We present new photometry and late-time spectroscopy of SN 2017cbv.

2.1. Photometry

In order to flux calibrate our nebular spectra, we use the BVri light curve obtained by Las Cumbres Observatory's network of 1 m telescopes (Brown et al. 2013), which we will present in more detail in an upcoming publication (D. J. Sand et al. 2018, in preparation). The images were reduced using lcogtsnpipe, a PyRAF-based photometric reduction pipeline (Valenti et al. 2016), corrected for Milky Way (MW) extinction along the line of sight using E(B − V) = 0.1452 mag (Schlafly & Finkbeiner 2011). This light curve is presented in Figure 1. The light curve up to +20 days after the B-band maximum light is presented in Hosseinzadeh et al. (2017a).
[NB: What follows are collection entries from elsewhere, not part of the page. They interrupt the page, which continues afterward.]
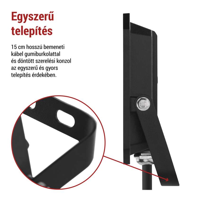 - A szögletes rögzítőkonzol lehetővé teszi a reflektor könnyebb megdöntését a egyszerű felszereléshez
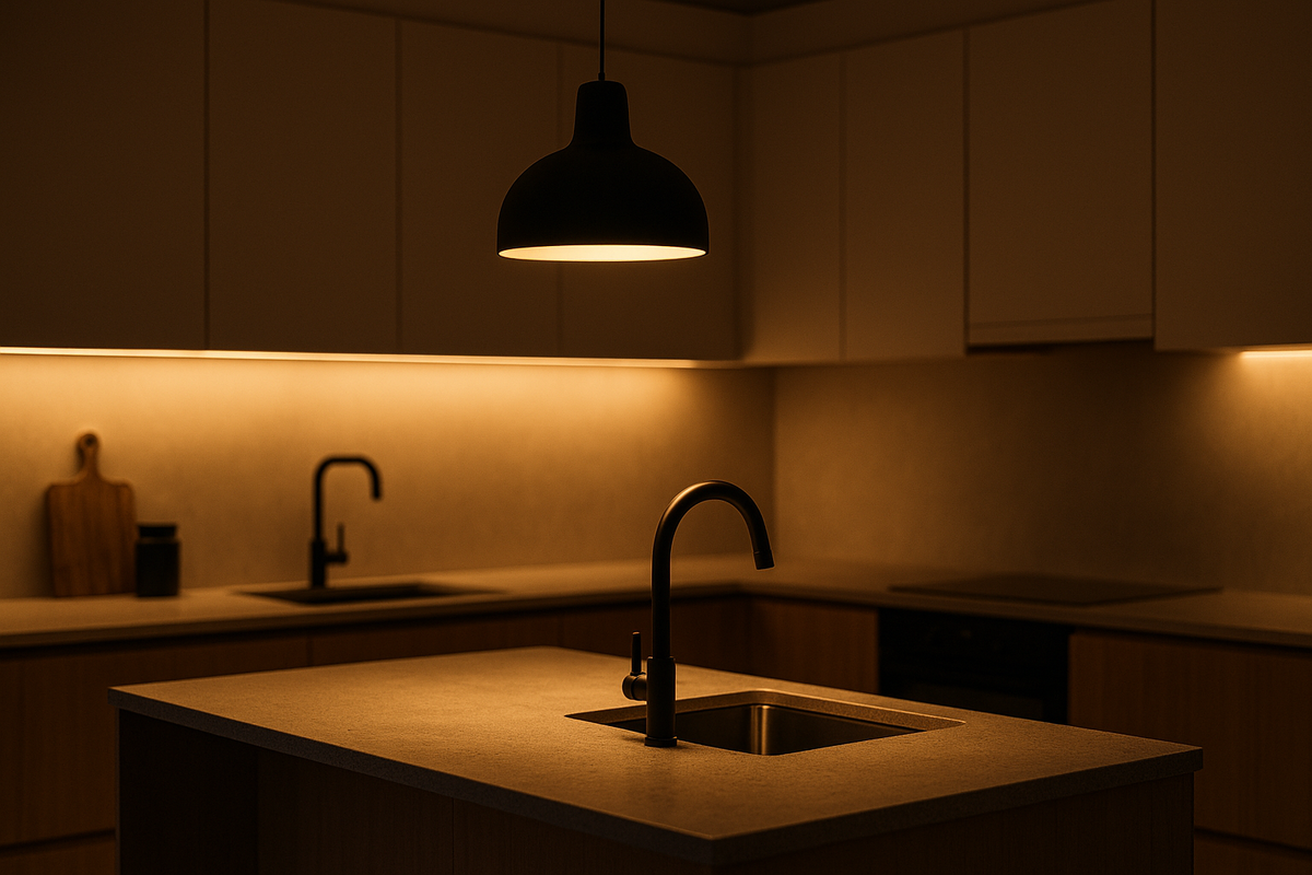 - Под шкафами — профильная лента 3000–3500 K, CRI ≥ 90
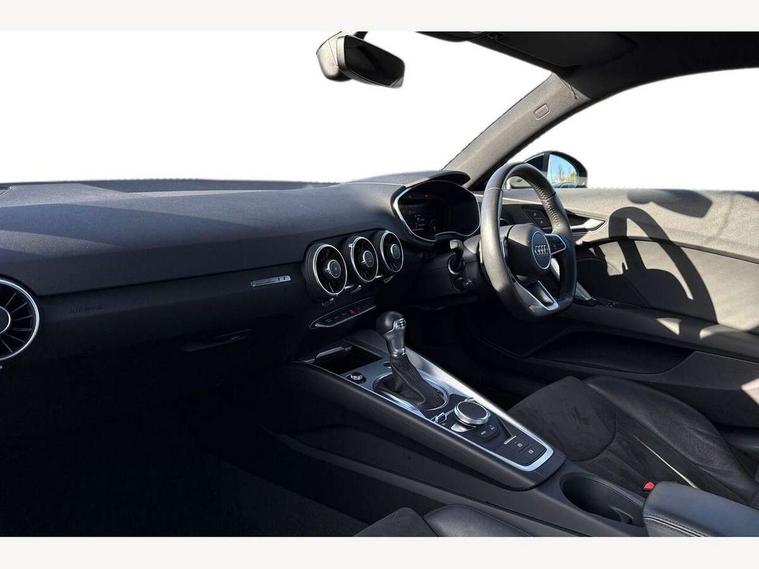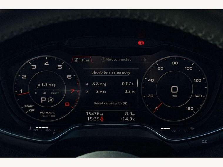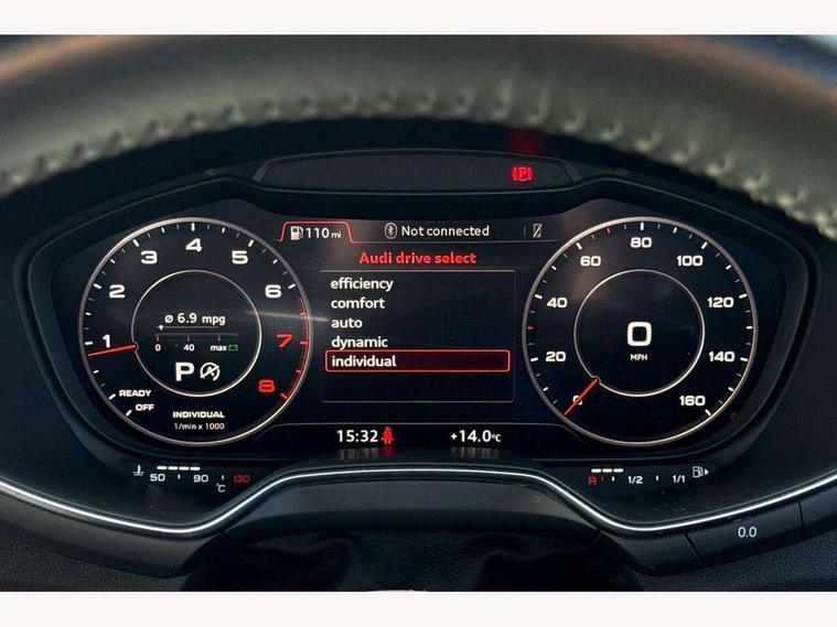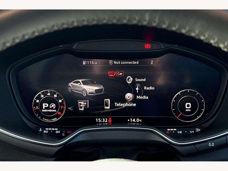 Audi drive select with 4 Pre configured modes, Audi smartphone interface, Audi virtual cockpit - 12.3" high-resolution LCD display with fully customisable instrument cluster, Cruise control + speed limiter, Emergency call service, Mobile phone preparation with bluetooth interface, Progressive power assisted steering, Service interval indicator, Start/Stop system with energy recuperation, TP memo, Sports suspension, AM/FM radio, Bluetooth audio streaming, DAB Digital radio, MMI Radio with CD player and SD/XC card slot, Auto dimming rear view mirror, Body colour bumpers, Body colour door mirrors, Electric folding door mirrors, Electric front windows, Electrically adjustable and heated door mirrors with integrated LED side indicators, Front fog lights, Green tinted heat insulating glass, LED 3rd brake light, Light and rain sensors, Rear boot, Retractable rear boot spoiler, Sunband for windscreen, Xenon headlights with LED daytime running lights with automatic headline range control + LED rear lights, brake lights and rear indicators, 12V socket, 2 rear seats, 3 spoke flat bottomed high multi-function leather sport steering wheel with gearshift paddles, Alcantara/Leather upholstery includes seat centre panels, door trim inserts in black Alcantara with side bolsters, head restraints in black leather, Aluminium door sill trims, Front centre armrest, Front passenger seat, Front sports seats, Heated front seats, Height/reach adjust steering wheel, Integrated head restraints, ISOFIX child seat mounting for front passenger seat with airbag deactivation, Manual adjustment of seat height, fore/aft position, seat angle, seat depth and backrest angle, Rear head restraints, Rear top tether child seat ISOFIX attachment, Split folding rear seat, Non smoking pack - TT/TT RS, Technology pack without Audi phone box - TT, 3 point front seat belts, ABS, ASR traction control, Curtain airbags, Driver and front passenger airbag with front passenger airbag deactivation, EDL traction control, Electromechanical parking brake, ESP, First aid kit, Front side airbags, Head airbags, Hill hold assist, Seatbelt warning, Tyre pressure loss indicator, Warning triangle, Anti theft alarm, Anti theft wheel bolts, Immobiliser, Keyless Go, Remote central locking, Aluminium design inlays, Tool kit, Tyre repair kit,

For comparison, we scale the late-time light curve of normal Type Ia SN 2011fe (taken from Graham et al. 2015) to match SN 2017cbv at phases >+80 days, represented by the semitransparent lines in Figure 1. In the lower panel of Figure 1 we show a zoom in at late times and our linear fits to the late-time decline rate in units of mag day⁻¹. We find that SN 2017cbv declines at a similar rate as SN 2011fe, with a slightly faster decline in the redder optical bands. We will present a more thorough photometric analysis in future work.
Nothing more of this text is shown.